Harnessing CD33-Targeted CAR T Cells: A Promising Approach for Acute Myeloid Leukemia Therapy

The development of advanced treatments for acute myeloid leukemia (AML) is crucial due to the stagnation in enhancing long-term patient survival. Innovative approaches such as utilizing chimeric antigen receptor (CAR) T cells have been considered for this purpose. However, the challenge lies in identifying a suitable antigen for targeting, as AML cells do not have an ideal target. CD33, which is present in 85-90% of AML cases, is a common target but also resides in normal myeloid cells, posing a risk of toxicity.

Our goal was to develop CAR T cells that target CD33, with the objective of initiating a phase I clinical trial for relapsed AML patients. To mitigate potential risks, an elimination gene was incorporated into the design to facilitate the removal of CAR T cells post-treatment.

We created a CD33-specific CAR using the humanized M-195 antibody's variable chains, along with CD28 and zeta signaling domains, and the IL-12 gene. To ensure the ability to eliminate CAR T cells if required, the EGFRt gene was integrated into the construct, resulting in the EGFRt/HuM195-28z/IL-12 CAR. This construct showed high efficiency in transducing human T cells, as evidenced by flow cytometry using fluorescent cetuximab or CD33.

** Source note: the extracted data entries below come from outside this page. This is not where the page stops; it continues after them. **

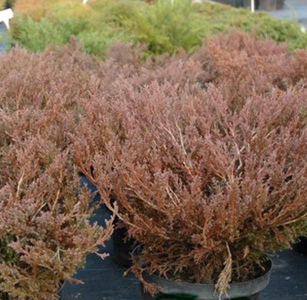 Во взрослом высотой 60см и диаметр 1м, хвоя чешуйчатая серо-зеленая, зимой фиолетовая.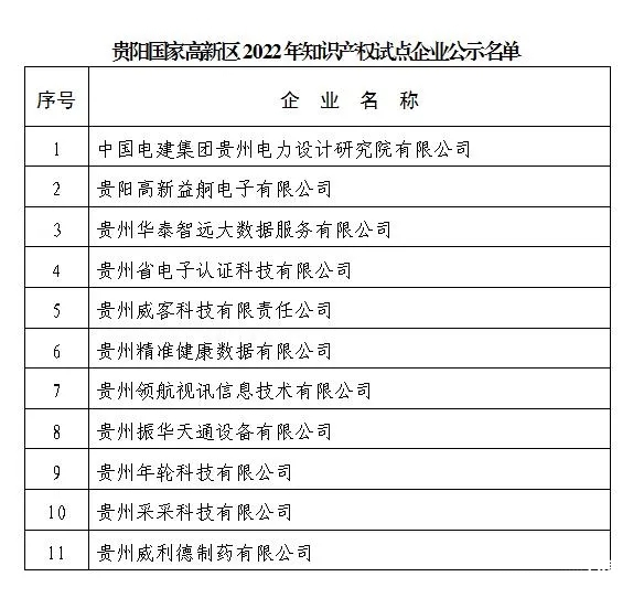 11家企业入选!贵阳国家高新区2022年知识产权试点企业名单公示!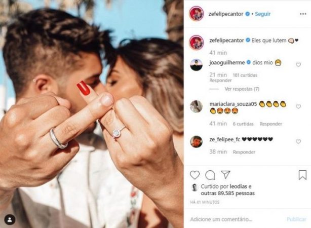 Zé Felipe está terminando o ano supercomprometido! O cantor, com apenas 21 anos, está noivo! Namorando com a bailarina do Faustão, Isabella Arantes desde março de 2019, Zé Felipe anunciou que vai se casar usando uma legenda inusitada: “Eles que lutem”. O filho de Leonardo explicou o momento emocionado: “Estou feliz. Hoje é difícil arrumar mulher boa, e quando arruma, tem que namorar. Conheci no Instagram, quando estava em Aparecida do Norte [interior de São Paulo], e começamos a conversar”, explicou.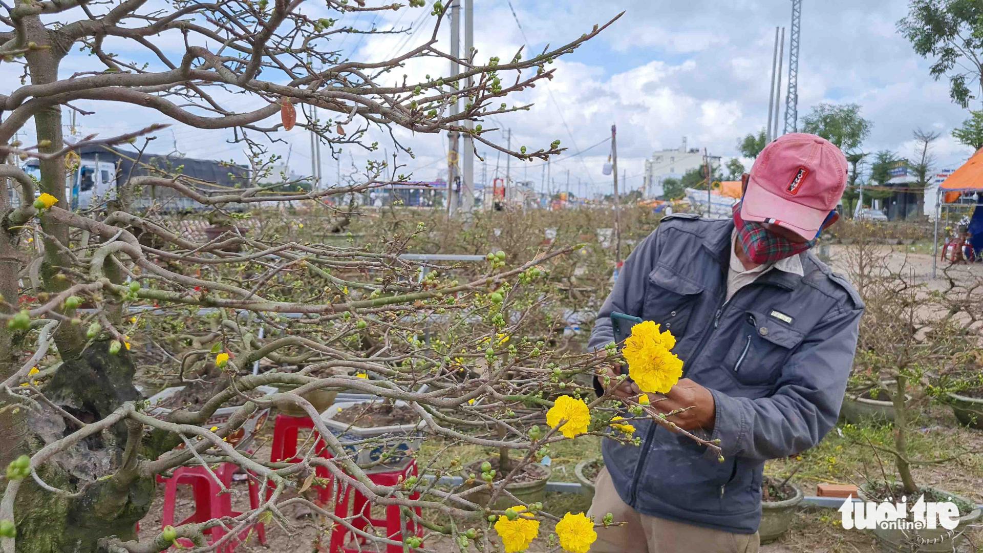 Anh Nguyễn Văn Đức (một chủ vườn mai tại thị xã An Nhơn, Bình Định) phát trực tiếp hình ảnh vườn mai nhà mình lên mạng xã hội để giới thiệu cho người mua - Ảnh: LÂM THIÊN

The engineered T cells produced functional IL-12, which was measured by culturing with peripheral blood mononuclear cells and detecting IFN-g levels. Upon CAR stimulation using the CD33+ AML cell line Molm-13, the CAR T cells showed significant proliferation and produced high levels of IFN-g and IL-2. Furthermore, these cells demonstrated substantial cytotoxicity against Molm-13 in chromium-release assays.

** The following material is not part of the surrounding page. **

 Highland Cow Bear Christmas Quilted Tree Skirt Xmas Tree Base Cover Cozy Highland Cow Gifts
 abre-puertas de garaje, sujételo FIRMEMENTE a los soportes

The efficacy of these CAR T cells was further tested in two preclinical mouse models. SCID/Beige mice xenografted with Molm-13 cells showed significantly improved long-term survival when treated with the CAR T cells. Similarly, NSG mice engrafted with patient-derived CD33+ AML cells exhibited a reduction in peripheral CD33+ disease upon treatment.

The findings indicate that the EGFRt/HuM195-28z/IL-12 CAR can effectively target CD33+ AML tumor cells. Ongoing research is focused on validating the elimination mechanism of CAR T cells via EGFRt in vitro and in vivo. The results support the potential use of CD33-targeting CAR T cells in clinical settings for patients with relapsed AML to reduce disease load prior to further therapies such as allogeneic transplantation.